= Md. Abdullah Al Masud Chowdhury =

Bangladeshi civil servant

Md. Abdullah Al Masud Chowdhury secretary of the Security Services Division of the Ministry of Home Affairs for Bangladesh. He was the additional secretary of the Security and Immigration Wing.

== Early life ==
Chowdhury was born in Chauddagram Upazila, Comilla District. He did his undergraduate and graduate studies in economics at the University of Dhaka. He completed a post-graduate diploma from Murdoch University.

==Career==
Chowdhury joined the Bangladesh Civil Service in 1993.

Chowdhury was the Senior Assistant Head of Ministry of Health and Family Welfare. He was the deputy director of National Nutrition Project, funded by the World Bank. He was the economic counselor at the Bangladesh Embassy in Bangkok, Thailand.

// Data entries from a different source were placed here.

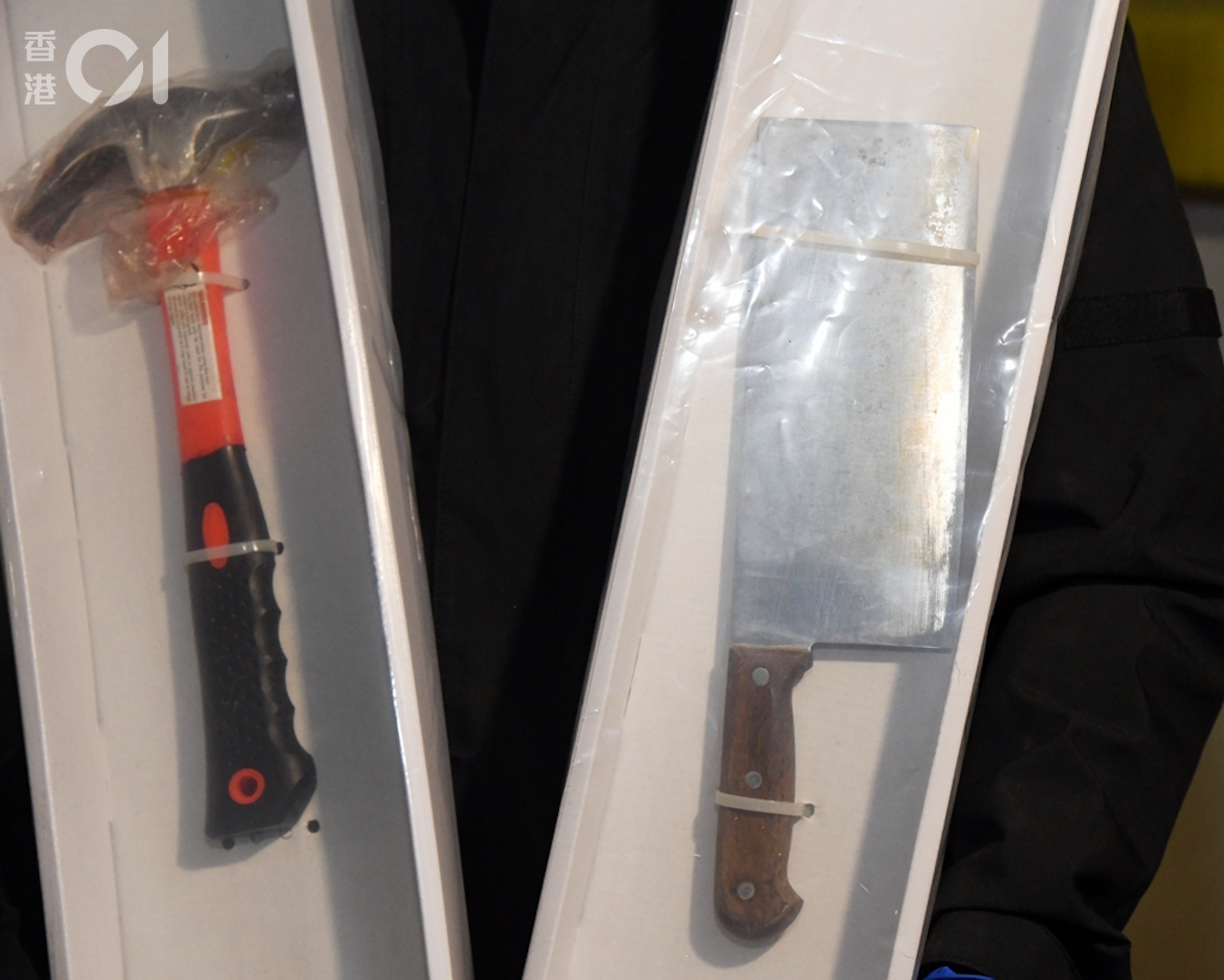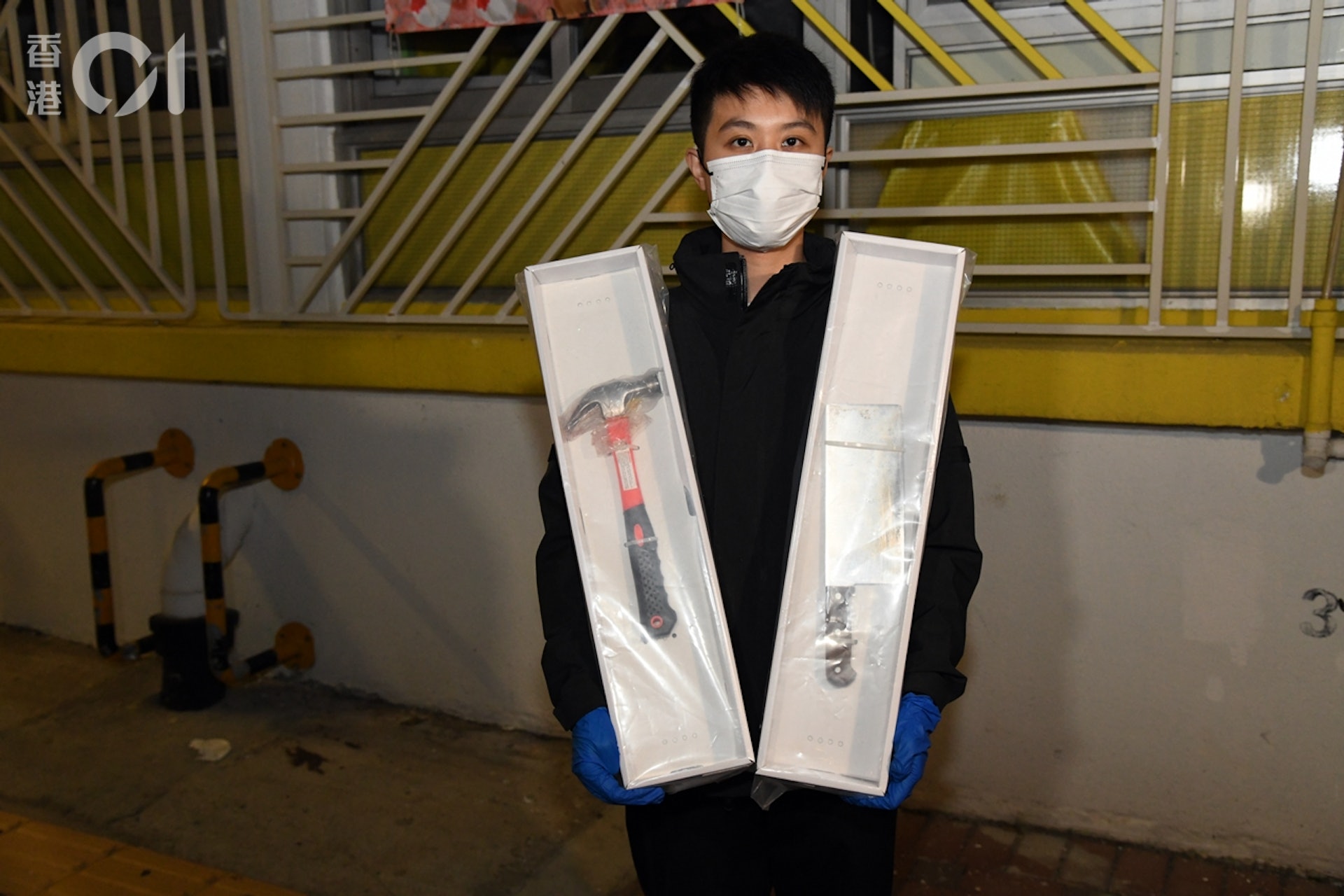 & C. N2 t9 G( t4 o重案組探員檢走懷疑兇器,包括刀和錘。 |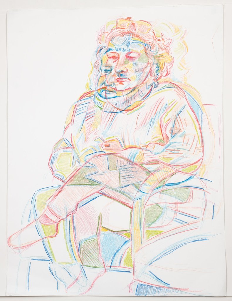 “As I was drawing this Kirsten was on her phone and was not sitting very still. I drew her movements and abstracted them.”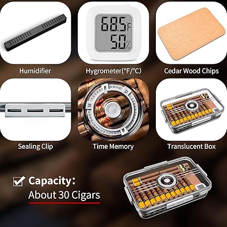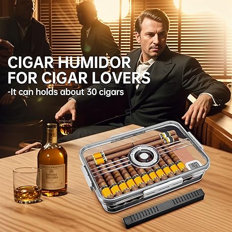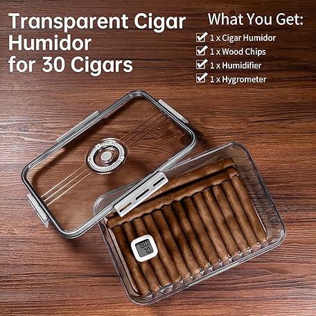 Thông tin sản phẩm Cigar Humidor, Humidifier, Hygrometer Storage for 30 Cigars Clear Acrylic Humidor

Chowdhury was the Alternative Permanent Representative of Bangladesh to the United Nations Economic and Social Commission for Asia and the Pacific. He served as the deputy chief of the Energy and Mineral Resources Division and the Power Division.

In 2019, Chowdhury was the executive director of human resources at Dhaka Electric Supply Company Limited.

Chowdhury was appointed secretary of the Security Services Division of the Ministry of Home Affairs in July 2022. He replaced Md Mokabbir Hossain. He was serving as the additional secretary of the Security and Immigration Wing of the Security Services Division. He signed an agreement with United Arab Emirates in October for e-visa. He oversaw the launch of E-Passport services in the Bangladesh embassy in Portugal. He is a member of the governing body of the Bangladesh Investment Development Authority.

Chowdhury has asked the personnel of Fire Service and Civil Defence Department, which is under the Security Services Division, to be safe when discharging their duties.